Thank you, Chair. That's becoming a common mistake for me, so I will reinforce that I am not related to our cherished finance minister.
Thank you for the opportunity to be here today to share the small business owner perspective on premium increases to the Canada pension plan. You should have a slide presentation in front of you that I'd like to walk you through in the next few minutes.
As many members know, CFIB is a not-for-profit, non-partisan organization, representing more than 109,000 small and medium-sized businesses across Canada. Our members represent all sectors of the economy and are found in every region of the country. It's important to remember that Canada's SMEs employ 70% of Canadians working in the private sector, are responsible for the bulk of new job creation, and represent about half of Canada's GDP. Addressing issues of importance to them can have a widespread impact on job creation and the economy.
The CFIB takes its direction solely from our members through a variety of surveys throughout the year. In all previous member surveys on this topic, a strong majority of our members have told us they will be directly impacted by CPP premium increases.
The state of the economy has a big impact on small businesses and the middle class. One of the surveys that CFIB conducts is our monthly business barometer. Our latest barometer shows that small business confidence dropped in October, sitting at 57.7, one point down from its previous barometer in September. Ideally, we want to see this indexed between 65 and 70 when the economy is growing at its full potential.
Although employment plans tend to fluctuate seasonally, this October's downward turn was far sharper than usual. As you see on slide 4, the blue line shows the percentage of respondents planning to hire, and that is 10. The red line is those planning to lay off, which is 21. Normally, we like to see these lines quite far apart, as we did in earlier 2016.
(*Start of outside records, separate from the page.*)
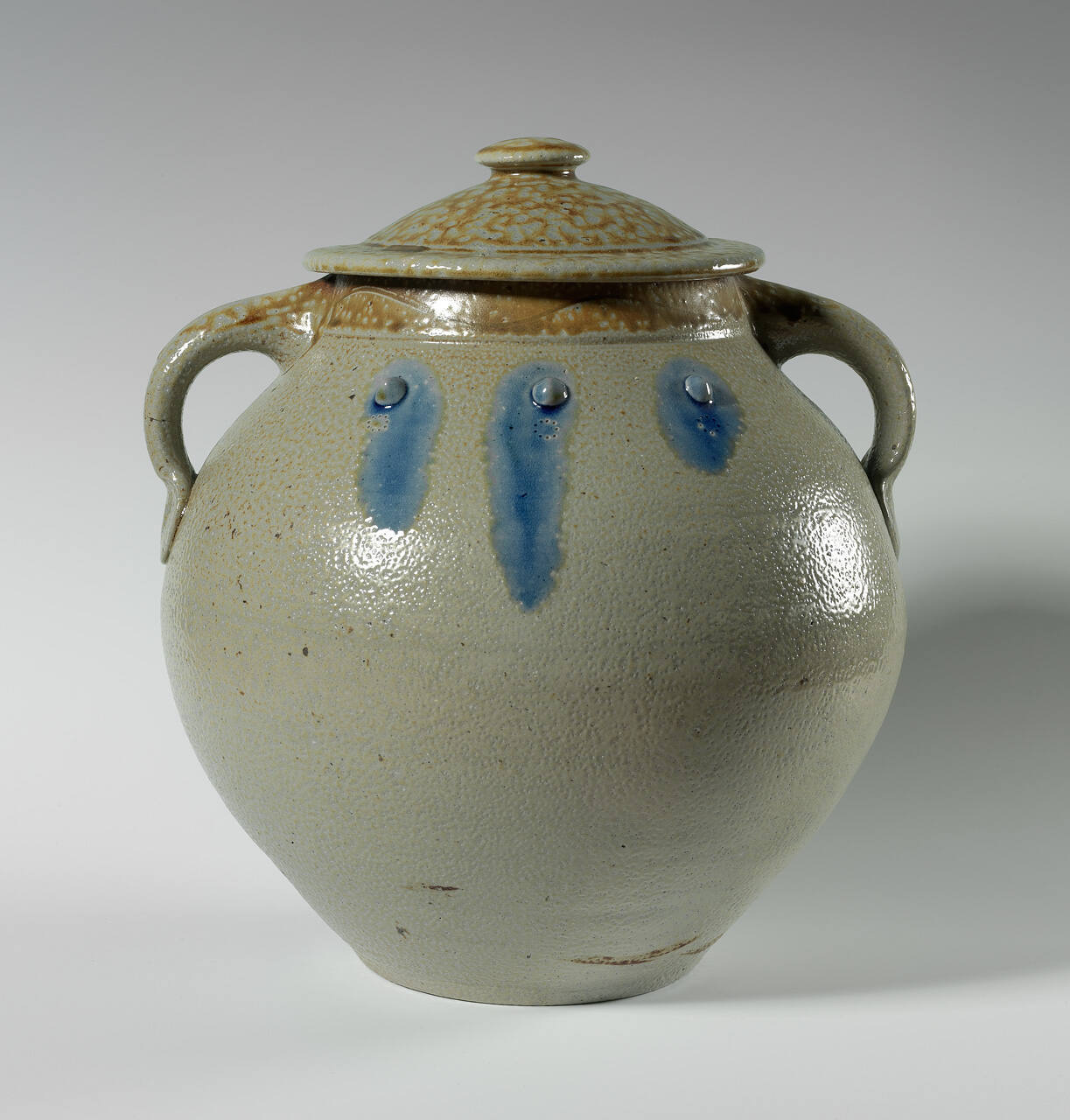 DescriptionSalt-glazed stoneware globular jar with lid with two handles attached from the neck to the upper body. The deocration includes an incised wavy line around the neck of the vessel and three applied hemispheres of clay on each "side." Beneath the raised dots of clay on one side are two parallel lines of 6 tiny incised dots and on the other small circles of incised dots. This area is then covered with splashes of blue glaze. On one side of the vessel is a large burn mark from the wood-fired kiln. There are splashes of iron reddish brown around the neck and tops of the handles. The lid of the pot is domed with a large overhanging lip, emphasized by an incised line, with the entire top covered with a salt glaze. The underside of the lid is glazed only on the lip.Copyright© Mark Hewitt
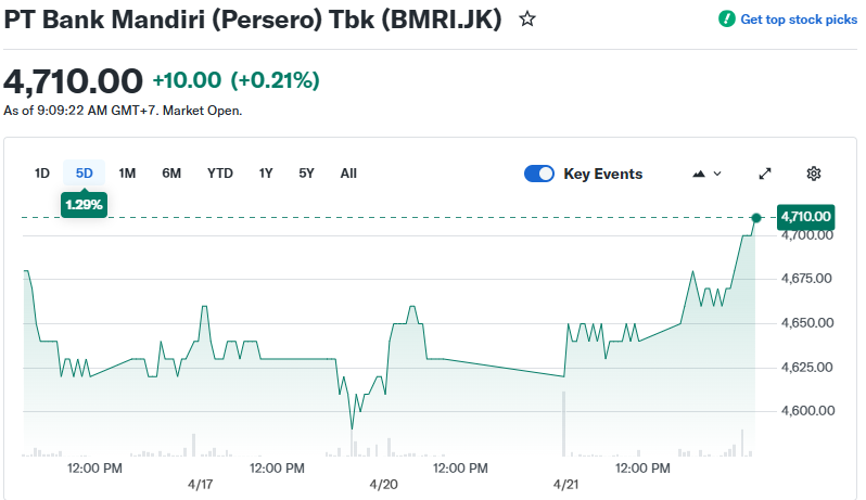 Kalau kamu lagi mantau saham perbankan, khususnya BMRI, pembukaan pasar hari ini, Rabu 22 April 2026, bisa dibilang cukup menarik buat dicermati. Di awal sesi perdagangan, saham PT Bank Mandiri (Persero) Tbk langsung bergerak naik tipis sekitar +0,65% ke area Rp4.650, setelah sebelumnya ditutup di Rp4.620. Pergerakannya juga cukup aktif di rentang Rp4.620 sampai Rp4.680, yang biasanya jadi sinyal kalau ada minat beli yang mulai masuk sejak pagi.
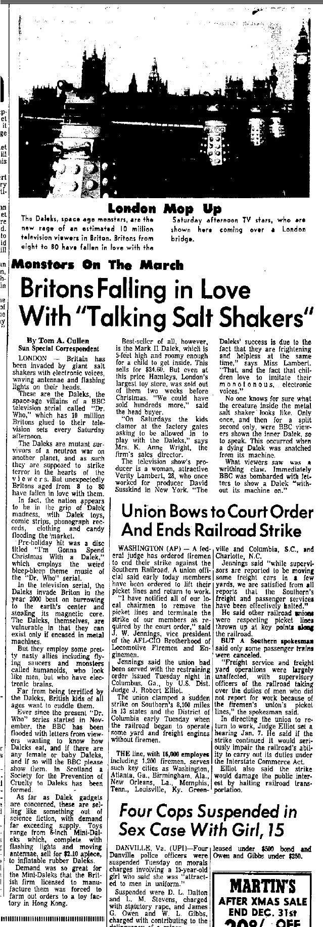 current01:11, 31 October 2015Thumbnail for version as of 01:11, 31 October 20151,881 × 698 (745 KB)Jon Preddle (talk | contribs)Article about Daleks, that appeared in syndicated newspapers across US from November 1964 to January 1965

Like many other government programs, the biggest issue around CPP increases is awareness. As you can see, 40% of Canadians think the government pays into their portion of CPP, and nearly three-quarters of Canadians don't realize that current retirees will not benefit from the proposed expansion. In fact, nearly one-quarter of current retirees wrongly believe that they will see larger CPP benefits as a result of the proposed expansion. It is unclear to most Canadians that it will take up to 40 years of increased premiums in order for a worker to see the full impact of these increases in their CPP benefits.
Small business owners don't have money hiding under the mattress waiting for government tax hikes. If CPP/QPP is increased, even if it results in higher future benefits, two-thirds of business owners indicated they would feel pressure to freeze or cut salaries, while nearly half would be forced to reduce investments in their businesses. This impact comes at a time when the government is trying to encourage innovation, investment in business, and job creation in small firms.
Employed Canadians also oppose a CPP hike. Nearly 70% indicated they opposed an increase if the consequences meant a freeze in their wages or salary, while 83% were opposed to the plan if increases led to a cut in their wages or salary.
As you can see, if employed Canadians had extra money to save for retirement, they would first invest in RRSPs and TFSAs over other savings vehicles such as the CPP/QPP. Small business employers also favour such saving vehicles if they have the opportunity to contribute toward the retirement savings of their employees.
If the government is trying to help Canadians save more for retirement, only 18% of Canadians are choosing mandatory CPP increases. There is a variety of other options available, including reducing taxes, creating new incentives for savings, and allowing employees to voluntarily contribute to their own CPP/QPP. Putting pressure on financial institutions to lower their management fees for retirement savings vehicles is also an important consideration.
It is clear that Canadians are uninformed about CPP and want the government to consult with them before proceeding with their plans to expand. Nearly 80% of Canadians, many of whom form the middle class, want to share their views with government. Small business owners also want the opportunity to engage with government on this issue, as 90% of them indicated.
We strongly recommend that the federal government encourage their provincial counterparts to engage in consultation. We also ask the federal government to recall their promise made in budget 2016, where they said, “The Government will launch consultations to give Canadians an opportunity to share their views on enhancing the Canada Pension Plan.”
Finally, if the government does intend to go ahead without consulting Canadians, we suggest they adopt the following mitigating measures.
First, they exempt the first $27,000 of income from additional CPP increases, similar to what the Quebec government is proposing. Second, they could offer up tax savings by sticking to their promise to reduce the small business tax rate. Third, they implement a permanent, lower El rate for small businesses. Lastly, they exempt self-employed Canadians, who pay double the amount of CPP, from these increases.
This concludes my remarks. Thank you for the opportunity. I'm happy to take your questions.